Selma Cetin1, Allison B Tobey, Vlad C Sandulache, Tianbing Yang, Mark Barsic, Yan Lin, Joseph E Dohar, Patricia A Hebda.   

Abstract

OBJECTIVE: To evaluate the role of targeted cyclooxygenase-2 inhibition in reducing scarring associated with a subglottic airway mucosal injury.
DESIGN: Thirty-four New Zealand white rabbits underwent anterior cricothyroidotomy. Subglottic stenosis (SGS) was created by carbon dioxide laser injury. INTERVENTION: Treatment consisted of intraperitoneal injection of celecoxib or vehicle for 4 days. Endoscopies were performed to assess injury and healing. Subglottic mucosal secretions were collected with Gelfoam swabs (Pfizer Inc) before and after injury and at subsequent time points. Animals were humanely killed at 3 or 8 weeks after injury and airways were excised, followed by gross examination and histologic analysis to assess the severity of SGS. Secretions were analyzed for interleukin-1β, prostaglandin E2 (PGE2), and matrix metalloproteinase-8 by enzyme-linked immunosorbent assays.
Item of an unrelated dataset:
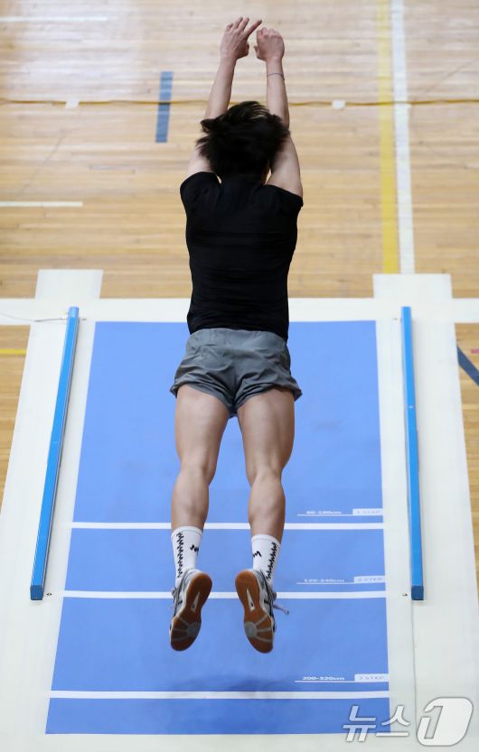 (대구=뉴스1) 공정식 기자 = 21일 오전 대구 달서구 계명대학교 성서캠퍼스 체육관에서 열린 '2026학년도 대입 정시모집 체육학과 실기고사'에서 한 수험생이 제자리멀리뛰기를 하고 있다. 2026.1.21/뉴스1
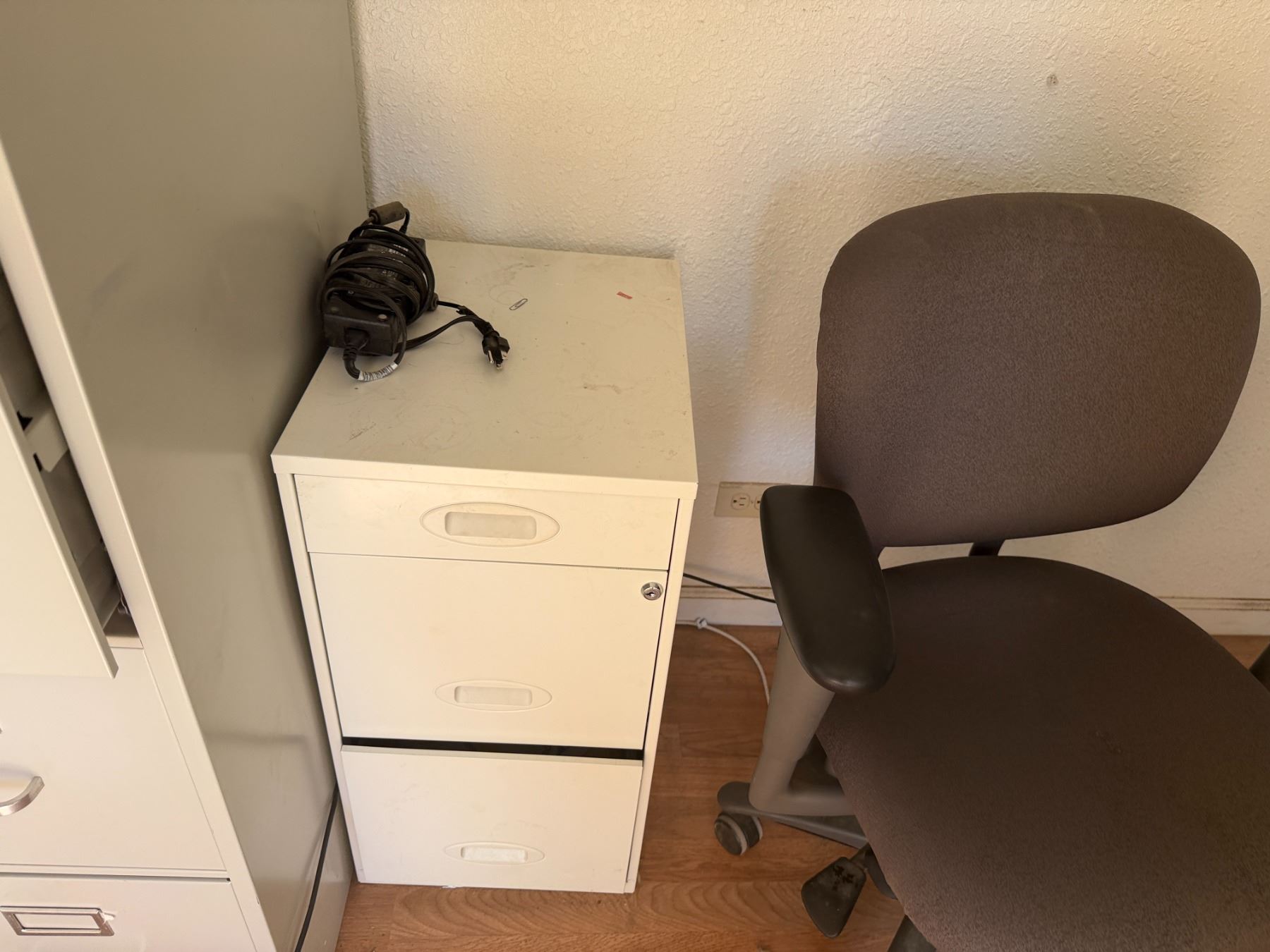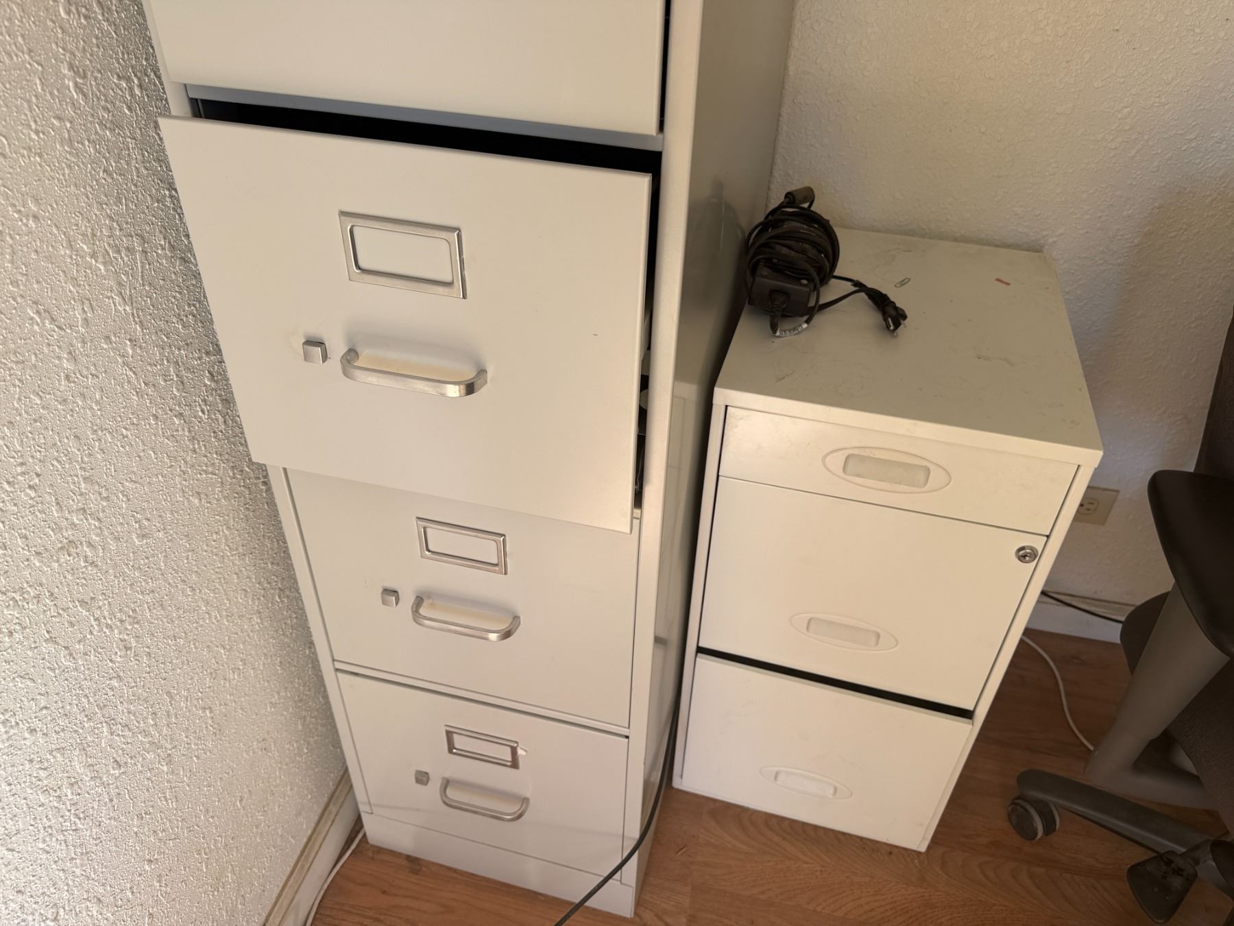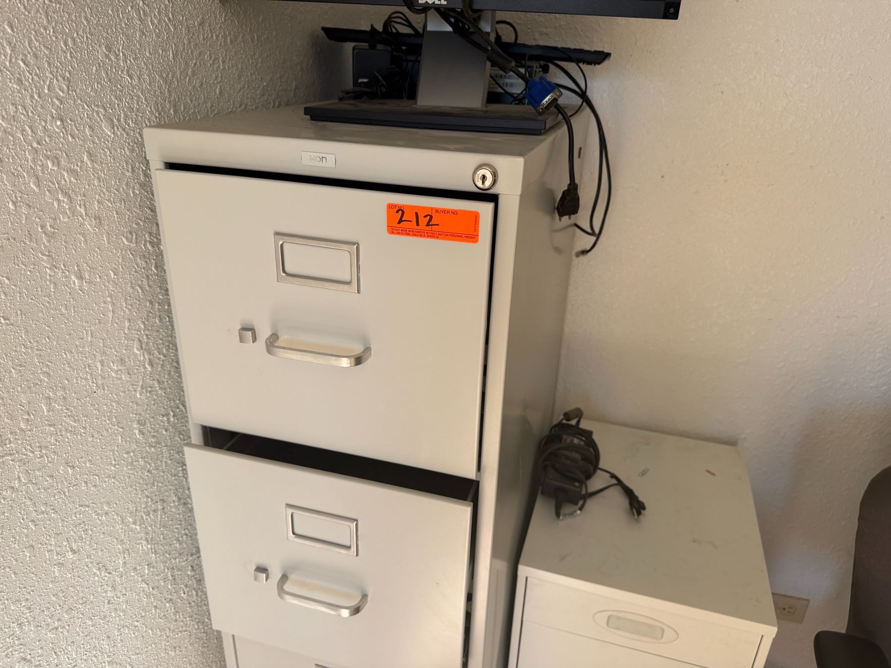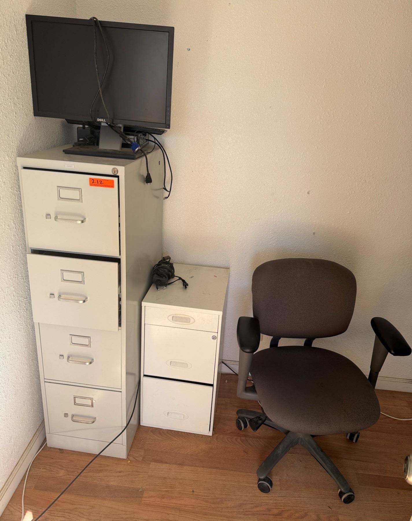Metal 4-Drawer Filing Cabinet, 2 Drawer Unit, Dell Monitor & Rolling Chair, etc

RESULTS: Endoscopy showed mild to moderate stenosis in the celecoxib group, but mild to severe stenosis in the vehicle group. Histologic assessment confirmed and quantified reduction in stenosis and scarring as well as advanced reepithelialization. In the healing tissue, mucosal thickening (stenosis) was reduced significantly (P = .02) in celecoxib-treated animals compared with those treated with vehicle, at 3 and 8 weeks (decrease in thickness by 32% and 49%, respectively). Collagen density (fibrosis) was also reduced 25% at both 3 and 8 weeks but the difference was not statistically significant (P = .20). Reduced level of PGE2 in the subglottic mucosal secretions was correlated with mucosal thickness at 8 weeks (P = .02).
CONCLUSION: Short-duration, anti-inflammatory therapy resulted in reduced stenosis and fibrosis with correlation of PGE2 levels in subglottic mucosal secretions.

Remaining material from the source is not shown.